Task requirements: Line by line, give the data again exactly as it appears, but without pictures.

START Exercise input

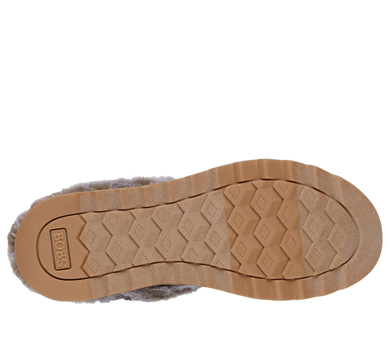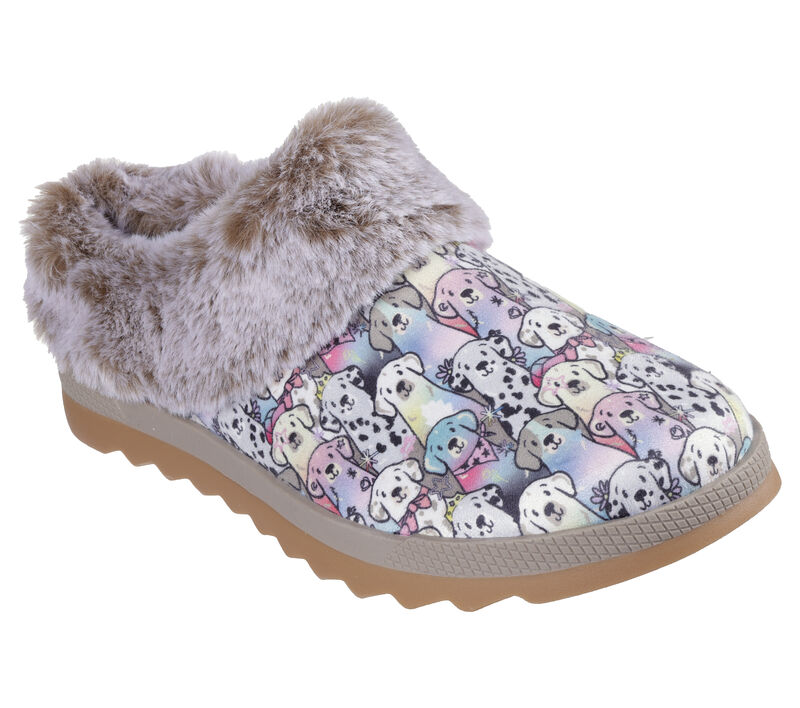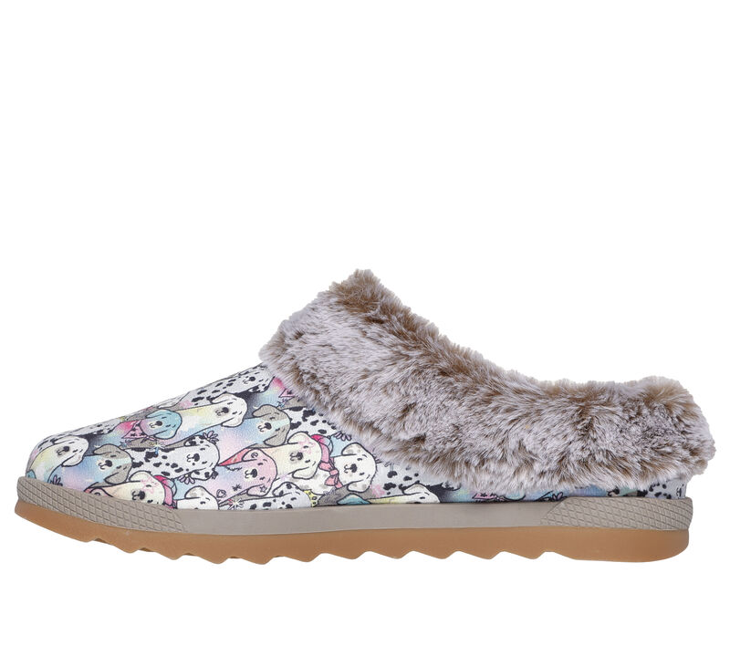 This Skechers shoe vegan clog-style slipper features a soft microfiber upper with an allover ‘Spotting Buddy’ puppy print, faux-fur trim and lining, and a cushioned Skechers Memory Foam™ insole. For every BOBS® purchase, a donation is made to animals in need. These are Slippers made by Skechers.
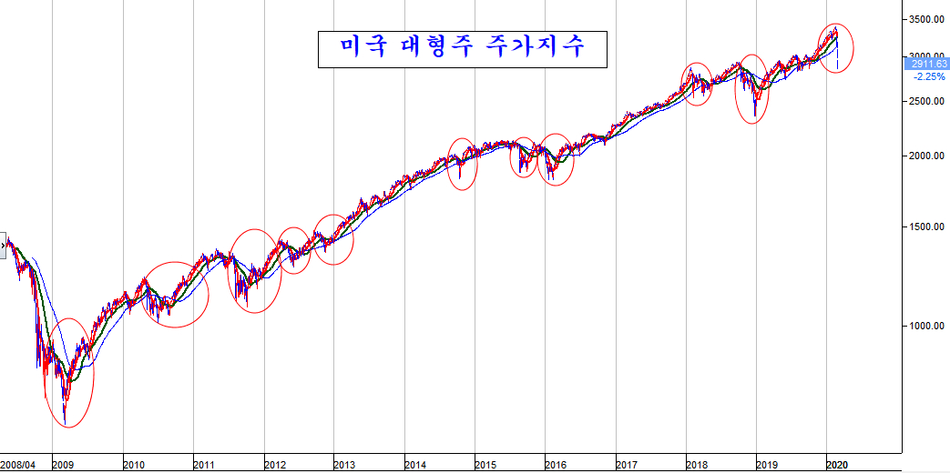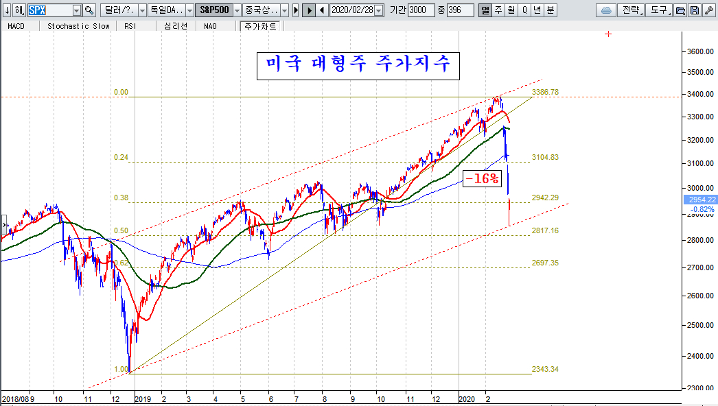 일주일간 16%라는 기록적인 하락을 보인 끝에 미국 대형주 지수는 연봉을 기준 시가3선에 접함으로써 지난해 콜옵션 투기로 과열되었던 주가의 이격을 해소하였다.
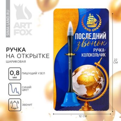 Ручка-колокольчик, шариковая, синяя паста, 0.8 мм «Выпускной: Последний звонок». Ручка-колокольчик на открытке станет отличным помощником в рабочих и учебных делах. Преимущества <ul> <li> Интересный дизайн в форме колокольчика</li> <li> Подложка с красивыми пожеланиями</li> </ul> Толщина линии письма: 0.8 мм; Цвет чернил: синий; Форма корпуса: круглая;
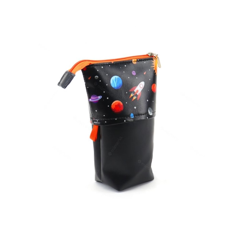 Confeccionado com policloreto de vinila (PVC), poliéster e algodão de alta qualidade, ele também conta com um design encantador – apresenta planetas, foguetes, estrelas e asteroides estampados em fundo preto. Além disso, ele é retrátil, então pode ficar de pé. Isso mesmo, suas canetas poderão ficar guardadas na sua mesa de pé ou deitadas dentro da sua mochila.
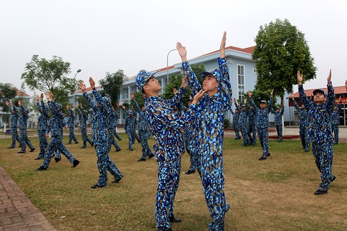 Lúc này, CSM đang chia thành từng nhóm để ôn luyện lại 4 bài thể dục buổi sáng. Hầu hết CSM đã cơ bản thuộc và thực hành động tác khá chuẩn xác. Quan sát thấy vài đồng chí có động tác đánh tay chưa đúng, Trung úy Đinh Hồng Đăng, Trung đội trưởng Trung đội 7, Đại đội 3 lập tức đến gần, nhẹ nhàng hướng dẫn và làm mẫu lại động tác. Sau đôi, ba lần tập đi tập lại cùng với sự chỉ bảo tận tình của các tiểu đội trưởng và trung đội trưởng, động tác của bộ đội trở nên mạnh mẽ và đều hơn.
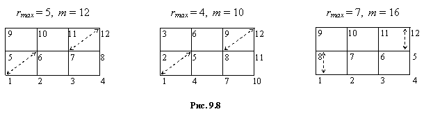 Здесь rmax – величина наибольшей разности между глобальными номерами узлов в пределах каждого КЭ, определяемая при обходе по всем элементам системы; ns – число степеней свободы узла. Для уменьшения ширины ленты следует стремиться к оптимальной нумерации узлов, при которой параметр rmax принимает минимальное значение. Пример разбивки двумерной области на прямоугольные элементы с разными вариантами нумерации узлов приведен на рис. 9.8. Рациональная нумерация узлов дает m = 10, а нерациональная – m = 16 (при ns = 2).
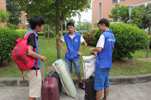 从清晨到日暮,从学期末到学期初,志愿者认真筹备,全力执行,在炎炎烈日下挥洒汗水。有的人徒手把20多公斤重的箱子搬上7楼;有的人不断奔走,带领新生去宿舍、买军服或大本营。

END Exercise input

The completed task:
 This Skechers shoe vegan clog-style slipper features a soft microfiber upper with an allover ‘Spotting Buddy’ puppy print, faux-fur trim and lining, and a cushioned Skechers Memory Foam™ insole. For every BOBS® purchase, a donation is made to animals in need. These are Slippers made by Skechers.
 일주일간 16%라는 기록적인 하락을 보인 끝에 미국 대형주 지수는 연봉을 기준 시가3선에 접함으로써 지난해 콜옵션 투기로 과열되었던 주가의 이격을 해소하였다.
 Ручка-колокольчик, шариковая, синяя паста, 0.8 мм «Выпускной: Последний звонок». Ручка-колокольчик на открытке станет отличным помощником в рабочих и учебных делах. Преимущества <ul> <li> Интересный дизайн в форме колокольчика</li> <li> Подложка с красивыми пожеланиями</li> </ul> Толщина линии письма: 0.8 мм; Цвет чернил: синий; Форма корпуса: круглая;
 Confeccionado com policloreto de vinila (PVC), poliéster e algodão de alta qualidade, ele também conta com um design encantador – apresenta planetas, foguetes, estrelas e asteroides estampados em fundo preto. Além disso, ele é retrátil, então pode ficar de pé. Isso mesmo, suas canetas poderão ficar guardadas na sua mesa de pé ou deitadas dentro da sua mochila.
 Lúc này, CSM đang chia thành từng nhóm để ôn luyện lại 4 bài thể dục buổi sáng. Hầu hết CSM đã cơ bản thuộc và thực hành động tác khá chuẩn xác. Quan sát thấy vài đồng chí có động tác đánh tay chưa đúng, Trung úy Đinh Hồng Đăng, Trung đội trưởng Trung đội 7, Đại đội 3 lập tức đến gần, nhẹ nhàng hướng dẫn và làm mẫu lại động tác. Sau đôi, ba lần tập đi tập lại cùng với sự chỉ bảo tận tình của các tiểu đội trưởng và trung đội trưởng, động tác của bộ đội trở nên mạnh mẽ và đều hơn.
 Здесь rmax – величина наибольшей разности между глобальными номерами узлов в пределах каждого КЭ, определяемая при обходе по всем элементам системы; ns – число степеней свободы узла. Для уменьшения ширины ленты следует стремиться к оптимальной нумерации узлов, при которой параметр rmax принимает минимальное значение. Пример разбивки двумерной области на прямоугольные элементы с разными вариантами нумерации узлов приведен на рис. 9.8. Рациональная нумерация узлов дает m = 10, а нерациональная – m = 16 (при ns = 2).
 从清晨到日暮,从学期末到学期初,志愿者认真筹备,全力执行,在炎炎烈日下挥洒汗水。有的人徒手把20多公斤重的箱子搬上7楼;有的人不断奔走,带领新生去宿舍、买军服或大本营。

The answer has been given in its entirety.